Summary

Add Least Recently Used values eviction as a supplement to garbage collection.

Motivation

Currently, the single mechanism for controlling memory usage in salsa is garbage collection. Experience with rust-analyzer shown that it is insufficient for two reasons:

  • It's hard to determine which values should be collected. Current implementation in rust-analyzer just periodically clears all values of specific queries.

  • GC is in generally run in-between revision. However, especially after just opening the project, the number of values within a single revision can be high. In other words, GC doesn't really help with keeping peak memory usage under control. While it is possible to run GC concurrently with calculations (and this is in fact what rust-analyzer is doing right now to try to keep high water mark of memory lower), this is highly unreliable an inefficient.

The mechanism of LRU targets both of these weaknesses:

  • LRU tracks which values are accessed, and uses this information to determine which values are actually unused.

  • LRU has a fixed cap on the maximal number of entries, thus bounding the memory usage.

User's guide

It is possible to call set_lru_capacity(n) method on any non-input query. The effect of this is that the table for the query stores at most n values in the database. If a new value is computed, and there are already n existing ones in the database, the least recently used one is evicted. Note that information about query dependencies is not evicted. It is possible to change lru capacity at runtime at any time. n == 0 is a special case, which completely disables LRU logic. LRU is not enabled by default.

Reference guide

Implementation wise, we store a linked hash map of keys, in the recently-used order. Because reads of the queries are considered uses, we now need to write-lock the query map even if the query is fresh. However we don‘t do this bookkeeping if LRU is disabled, so you don’t have to pay for it unless you use it.

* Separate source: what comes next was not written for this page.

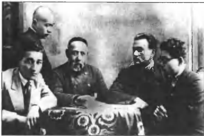
Ўнгдан чапга: Шокир Сулаймон, Абдулла Қодирий, Садриддин Айний, Фафур Гулом ва тожик шоири Абдусалом Деҳотий. 1935 йил

A slight complication arises with volatile queries (and, in general, with any query with an untracked input). Similarly to GC, evicting such a query could lead to an inconsistent database. For this reason, volatile queries are never evicted.

Alternatives and future work

LRU is a compromise, as it is prone to both accidentally evicting useful queries and needlessly holding onto useless ones. In particular, in the steady state and without additional GC, memory usage will be proportional to the lru capacity: it is not only an upper bound, but a lower bound as well!

In theory, some deterministic way of evicting values when you for sure don‘t need them anymore maybe more efficient. However, it is unclear how exactly that would work! Experiments in rust-analyzer show that it’s not easy to tame a dynamic crate graph, and that simplistic phase-based strategies fall down.

It's also worth noting that, unlike GC, LRU can in theory be more memory efficient than deterministic memory management. Unlike a traditional GC, we can safely evict “live” objects and recalculate them later. That makes possible to use LRU for problems whose working set of “live” queries is larger than the available memory, at the cost of guaranteed recomputations.

Currently, eviction is strictly LRU base. It should be possible to be smarter and to take size of values and time that is required to recompute them into account when making decisions about eviction.